Individual dollars will make our results difficult to read, so we'll convert it to tens of thousands of dollars.

income['income_10k'] = income.SE_A14006_001 / 10000
income.head(2)
Geo_FIPS SE_A14006_001 income_10k
0 55079000101 27421.0 2.7421
1 55079000102 40692.0 4.0692
merged = merged.merge(income, on='Geo_FIPS')
merged.head(2)
address GEOID Geo_FIPS pct_white pct_black pct_hispanic pct_minority A Street EnterDt PrintDt ResolvDt difference wait_days majority_white bin SE_A14006_001 income_10k
0 1400 N PROSPECT AV 55079186900 55079186900 74.735057 9.114031 5.341246 25.264943 1400 N PROSPECT AV 2013-11-11 12:55:00 2013-11-12 06:52 2013-11-12 15:22:00 1 days 02:27:00 1.083333 1 (20, 40] 66875.0 6.6875
1 1228 E JUNEAU AV 55079186900 55079186900 74.735057 9.114031 5.341246 25.264943 1228 E JUNEAU AV 2013-10-04 11:31:00 2013-10-07 14:38 2013-10-09 06:09:00 4 days 18:38:00 4.750000 1 (20, 40] 66875.0 6.6875

Perform the regression#

import statsmodels.formula.api as smf

model = smf.ols("wait_days ~ pct_minority + income_10k", data=merged)
result = model.fit()
result.summary()
OLS Regression Results
Dep. Variable: wait_days R-squared: 0.012
Model: OLS Adj. R-squared: 0.012
Method: Least Squares F-statistic: 70.05
Date: Tue, 14 Jan 2020 Prob (F-statistic): 5.69e-31
Time: 14:16:45 Log-Likelihood: -46637.
No. Observations: 11856 AIC: 9.328e+04
Df Residuals: 11853 BIC: 9.330e+04
Df Model: 2
Covariance Type: nonrobust
coef std err t P>|t| [0.025 0.975]
Intercept 2.6729 0.697 3.833 0.000 1.306 4.040
pct_minority 0.0609 0.005 11.583 0.000 0.051 0.071
income_10k 0.6788 0.106 6.392 0.000 0.471 0.887
Omnibus: 5676.105 Durbin-Watson: 1.498
Prob(Omnibus): 0.000 Jarque-Bera (JB): 30709.656
Skew: 2.317 Prob(JB): 0.00
Kurtosis: 9.380 Cond. No. 438.


Warnings:
[1] Standard Errors assume that the covariance matrix of the errors is correctly specified.
merged['income_bin'] = pd.cut(merged.pct_minority, bins=10)
merged.groupby('income_bin').wait_days.median().plot(kind='bar')
<matplotlib.axes._subplots.AxesSubplot at 0x129f90c18>

Writing our results#

After controlling for income, our coefficient for pct_minority was raised from 0.03 to 0.06. How do we put that into words?

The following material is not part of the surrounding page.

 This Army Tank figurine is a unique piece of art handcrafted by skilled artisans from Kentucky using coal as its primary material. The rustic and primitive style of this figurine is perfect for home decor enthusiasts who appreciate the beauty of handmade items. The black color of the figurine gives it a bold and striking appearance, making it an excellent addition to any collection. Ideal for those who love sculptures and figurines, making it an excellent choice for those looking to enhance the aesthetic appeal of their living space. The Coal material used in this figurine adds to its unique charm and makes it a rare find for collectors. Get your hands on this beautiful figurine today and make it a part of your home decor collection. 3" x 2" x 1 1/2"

Every +1 percent point change in the minority population translates to a 0.06-day change in pot hole fill times

Which, if we multiply by 16, we can turn it into an actual day measurement:

Every +16.6 percent point change in the minority population translates to a 1-day change in pot hole fill times

Review#

In this section we partially reproduced a linear regression from the Milwaukee Journal-Sentinel regarding pothole fill times. We discussed the different ways of communicating your findings to the reader, along with other options for analysis besides just regression on a field, such as majority/minority splits or binning.

Discussion topics#

What technique of communicating our findings was the most helpful to the reader? What was most useful to us as researchers?

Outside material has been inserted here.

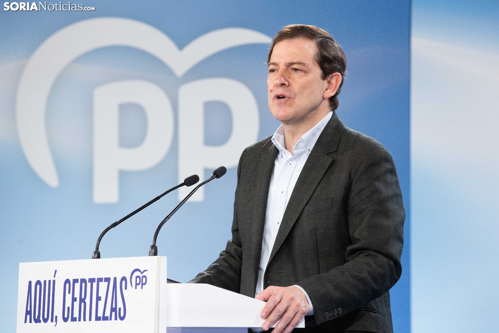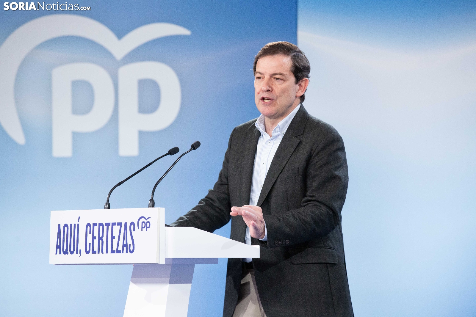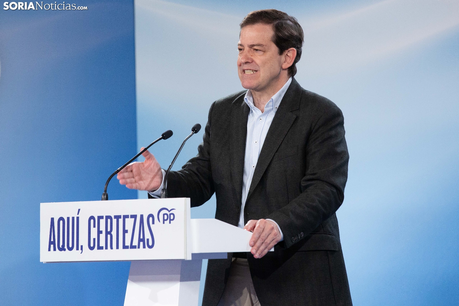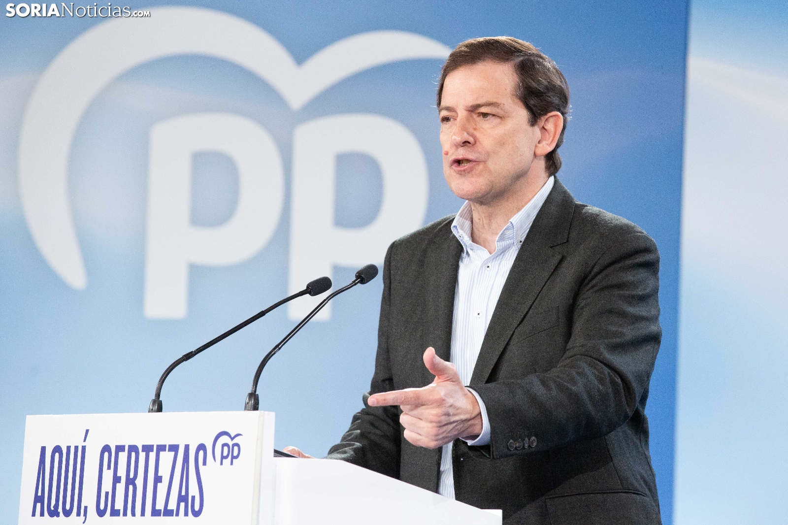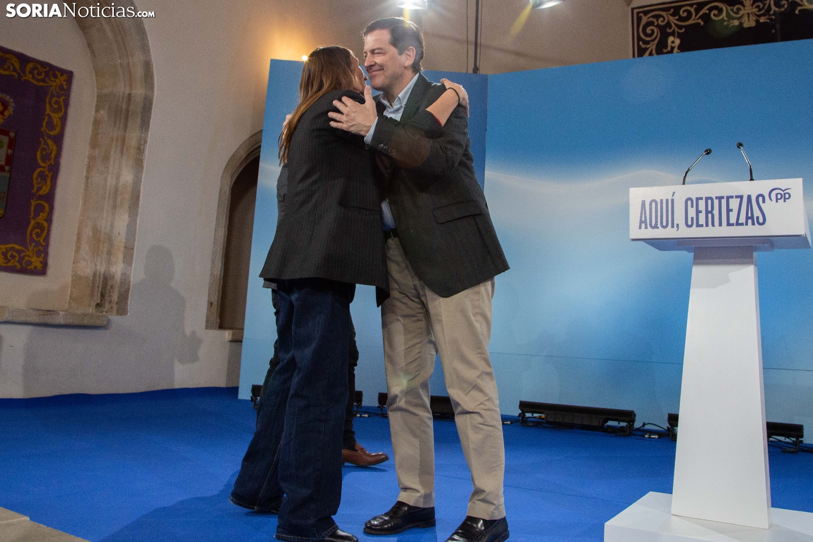 Multitudinaria asistencia en el acto del PP que ha celebrado hoy en el Aula Magna Tirso de Molina, una cita eje de la campaña del 15M para la formación de Feijóo en Soria. Simpatizantes, afiliados y alcaldes han arropado al candidato a presidir la Junta, Alfonso Fernández Mañueco, dentro de un mitin en el que han intervenido Rocío Lucas, primera en la lista por Soria, y Benito Serrano, presidente de la formación en la provincia. Caras conocidas y también nuevas en el panorama político con una puesta en escena sin estridencias, dentro de una convocatoria celebrada en el ecuador del compás electoral.

In the published piece, it includes this phase: "the higher the minority population percentage in a census tract, the longer it took crews to fix potholes." How does that compare to the other approaches we've taken in this analysis?

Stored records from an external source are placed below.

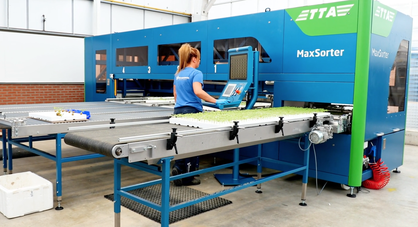 Der MaxSorter ist eine vollautomatische Lösung zum Verpflanzen und Sortieren von Jungpflanzen in bis zu vier Sorten.
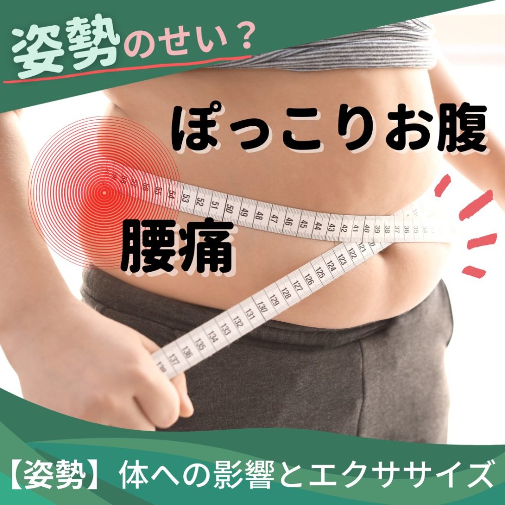 姿勢が悪くなると腹筋が衰えるとも言えるし、または腹筋が衰えるから姿勢が悪くなるとも言えます。結果ぽっこりこりお腹の原因となります。
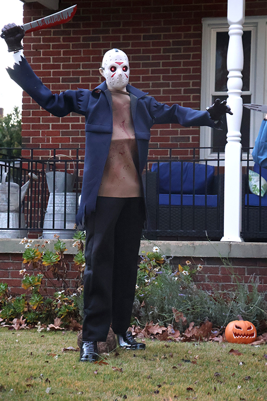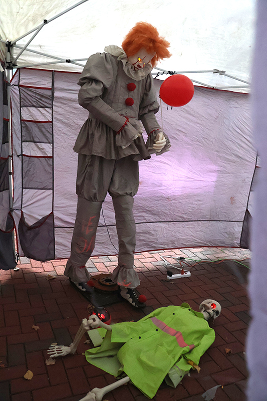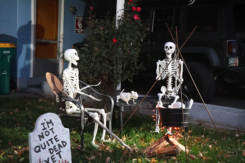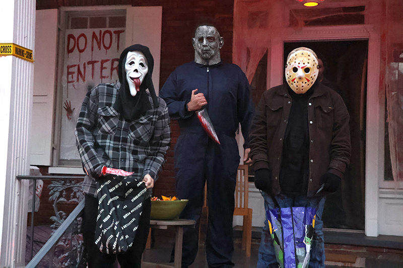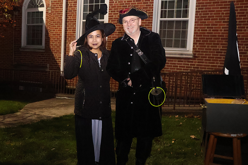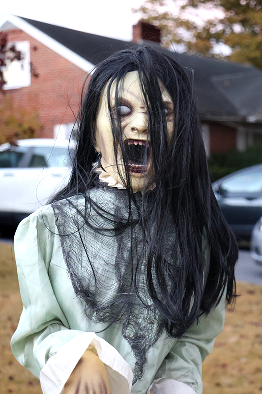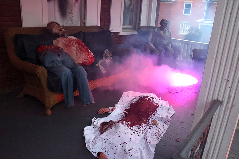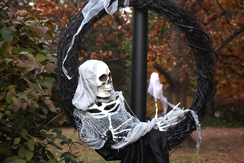 Dozens of families bundled against the wind made their way along the historic thoroughfare, where porch lights glowed amid an array of jack-o’-lanterns, cobweb-draped facades and animated mechanical decorations that startled passersby. Residents in elaborate costumes — from witches and superheroes to friendly ghosts — greeted the crowds with handfuls of candy, transforming quiet homes into festive outposts.

The piece also states "The analysis could not account for the remaining factors: the age or size of roadways, citywide traffic counts or pothole severity, which the city considers as priorities." How do we feel about a regression that leaves out so many other variables? Is it still meaningful?

What kind of expert would you look for to double-check our analysis? Who did the Milwaukee Journal-Sentinel use?